1 The End of Black Studies and the Closing of Oppositional Discourse

A perennial problem facing Black intellectual discourse is the failure to articulate a comprehensive theory of White supremacy. This is not to say that African-descent scholars and others have not periodically addressed this problem,1 but the tendency in the broader society is to shift intellectual discourse away from a full and sustained examination of this phenomenon. Discourse is limited to the language of race versus class and debates over their relative strength and value. Shifts from discussions of equity to those of diversity are similarly limiting. White supremacy, as it has been exhibited via Western expansion and domination, is one of the most significant forces shaping human history in the last 500 years. It is foundational to all human-freedom issues created by Western-capitalist expansion. Moreover, development of a comprehensive theory of White supremacy, which must accompany all theory development regarding Black cultural and institutional development, is a fundamental end (purpose) of Black studies. Without such theoretical work, Black studies as an emancipatory and credible academic enterprise, comes to a functional end.

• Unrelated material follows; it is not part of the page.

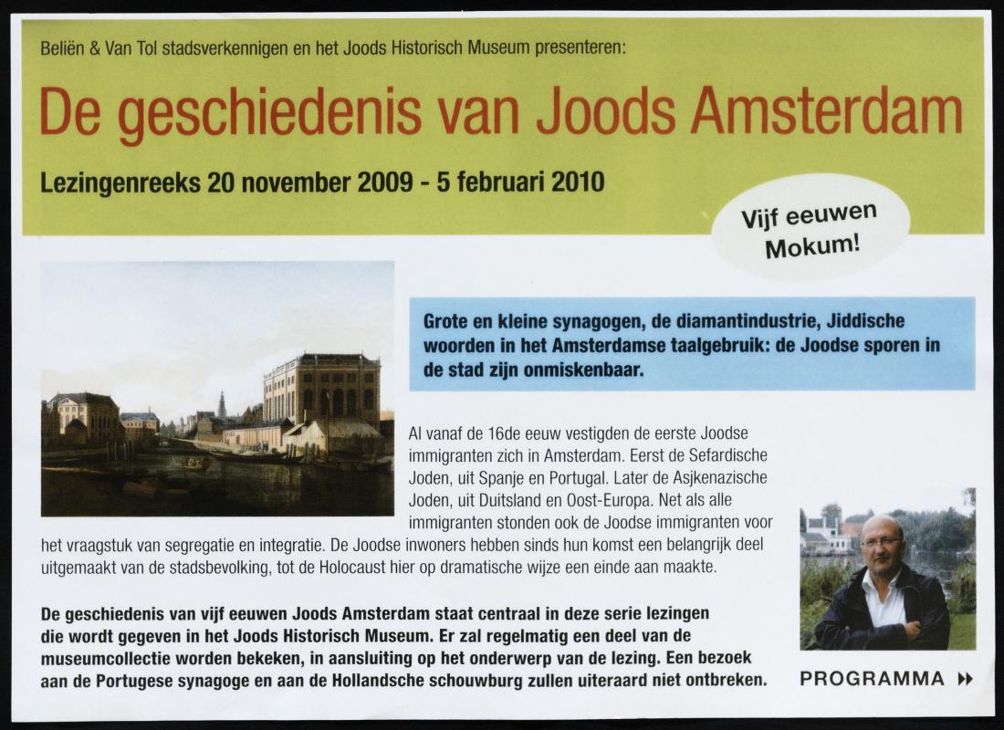 Affiche in kleur bij een lezingenreeks van 20 november 2009 tot 5 februari 2010 over de geschiedenis van Joods Amsterdam. Met kleurenfoto van zicht op het Joods Historsich Museum en de Portugese synagoge

White Supremacy and Cultural Hegemony

White supremacy is not purely a conservative ideology; it has fluid customary manifestations that exist systemically in radical, liberal, and conservative variants of everyday discourse and representations. Capitalism cannot be divorced from White supremacy, and both tend to absorb oppositional and transformative social forces in ways that affirm the subordination of African Americans and other groups who have been historically oppressed by Eurocentric, imperial, cultural-economic systems. This form of oppression operates through the vehicle of cultural hegemony and tends to weaken or contain group efforts at transformation and elevation through either segregation (isolation) or assimilation (negation) or both. Further, when I say cultural hegemony I am alluding to a metaprocess that is dialectical and the result of a historical trajectory involving European expansion and contact in the world.2
By dialectical I mean the historically situated emergence of oppositional phenomena that create a profound need for societal resolution and transcendence. The specific social context of these penetrating oppositional phenomena determines the character and degree of tension produced and the type of resolution and transcendence required. With respect to an African diaspora, the context to which I am referring is the master–slave (and later, colonizing) experience spawned by the European exploitation of African labor and land, which, among other things, forced a shift in the perspective of oppressed African peoples. In the context of European exploitation becoming a slave required not only physical bondage but also intense cognitive accommodation. Thus, there emerged among the oppressed group varying degrees of acceptance of the worldview(s) of the oppressor and the right of the oppressor to extend or withhold legitimacy to all forms of social construction. The normal requirements of White supremacy tended to destabilize and/or negate the institutional arrangements of the oppressed or enslaved group, and the disruption, negation, and control of social organization of necessity involved cultural manipulation and regulation.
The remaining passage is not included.